Выстрел! Еще один!.. Саад больше не шарил в траве «Руки его застыли в воздухе, и он повалился навзничь.
Хасан снова навел курок, но противник не шевелился. Хасан подошел к нему, перевернул, дернул за конец башлыка… Полные щеки уже не цвета спелой земляники, борода-овчина не черная, как прежде…
Хасан вытащил кинжал и подошел к поврежденному врагу. Но не проткнул его. Не повторил того, что Саад некогда сделал с Беки. Нет! Удержал Хасана взгляд остекленевших глаз проклятого кровопийцы, причинившего так много зла и семье Беки и другим сагопшинцам.
Хасан ладонью вбил кинжал обратно в ножны и, круто повернувшись, зашагал прочь.
Шел он спокойным твердым шагом человека, свершившего правое дело.
Итак, Саада нет! Завет отца выполнен, побеждено зло, которое он мог совершить людям, оставшись в живых.
«Сейчас прибежит его сын, – думал Хасан, – станет кричать:
«Дади, что с тобой, дади?» Он взрослый! А каково было мне?…»
Спустившись в овраг, Хасан пошел к лесу. Надо было еще до ночи попасть в Ачалуки и оттуда уйти в горы…
Как это ни было опасно, Хасану вскоре снова пришлось появиться в родных местах. На этот раз он прибыл с поручением Торко-Хаджи разузнать, что нового в селах, какое настроение в народе, не потеряна ли вера в возвращение советской власти? До Хасана с таким же заданием в Алханчуртскую долину был направлен еще один человек. Но он почему-то так и не вернулся. Торко-Хаджи поручил Хасану заодно и разведать, дошел ли он до Сагопши. Хасан уже уходил, когда старик добавил:
– Поинтересуйся там, кто стоит за деникинцев.

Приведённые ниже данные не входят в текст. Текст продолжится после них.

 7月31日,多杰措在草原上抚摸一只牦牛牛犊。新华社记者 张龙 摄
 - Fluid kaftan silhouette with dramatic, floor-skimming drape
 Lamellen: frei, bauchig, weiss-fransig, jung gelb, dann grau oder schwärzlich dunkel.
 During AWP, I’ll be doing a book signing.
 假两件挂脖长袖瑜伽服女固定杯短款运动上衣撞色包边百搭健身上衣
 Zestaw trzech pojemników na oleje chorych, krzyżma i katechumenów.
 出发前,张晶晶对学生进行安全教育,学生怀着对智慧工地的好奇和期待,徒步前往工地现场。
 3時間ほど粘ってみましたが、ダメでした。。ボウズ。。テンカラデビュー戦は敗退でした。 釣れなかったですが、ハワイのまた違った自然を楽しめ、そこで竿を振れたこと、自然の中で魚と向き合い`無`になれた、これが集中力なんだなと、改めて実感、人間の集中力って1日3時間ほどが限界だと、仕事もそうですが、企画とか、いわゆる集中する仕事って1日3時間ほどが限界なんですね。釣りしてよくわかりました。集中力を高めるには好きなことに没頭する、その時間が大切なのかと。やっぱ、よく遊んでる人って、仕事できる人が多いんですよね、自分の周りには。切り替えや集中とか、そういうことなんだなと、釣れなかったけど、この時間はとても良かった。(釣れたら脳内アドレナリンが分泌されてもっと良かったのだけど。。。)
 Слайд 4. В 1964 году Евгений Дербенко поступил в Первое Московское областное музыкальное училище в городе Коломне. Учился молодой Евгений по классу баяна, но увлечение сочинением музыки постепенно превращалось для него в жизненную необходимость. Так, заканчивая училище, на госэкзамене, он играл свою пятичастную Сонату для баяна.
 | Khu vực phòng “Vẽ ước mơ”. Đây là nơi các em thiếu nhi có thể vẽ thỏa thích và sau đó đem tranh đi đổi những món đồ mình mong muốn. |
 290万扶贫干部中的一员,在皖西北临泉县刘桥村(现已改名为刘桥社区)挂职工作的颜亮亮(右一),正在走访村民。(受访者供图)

Уже третий день Хасан в пути. Накануне вечером в Назрани четь не угодил в лапы к деникинцам. Недалеко от железнодорожной станции это случилось. Приняли его за грабителя. Посчитали, что к вагонам с зерном подбирается. Только то и спасло, что проворен, сумел уйти от преследователей и через несколько часов, уже ночью, был в Ачалуках. Переспал там часок-другой – и опять в путь. Дальше пока все спокойно. А на душе у Хасана тем не менее муторно. И в природе все словно бы вторит его настроению, какая-то настороженность, как перед бедой. Вороны, словно стервятники, кружат над головой и каркают. Хасану чудится, что они зазывают деникинцев, сообщают им, что вот он, здесь…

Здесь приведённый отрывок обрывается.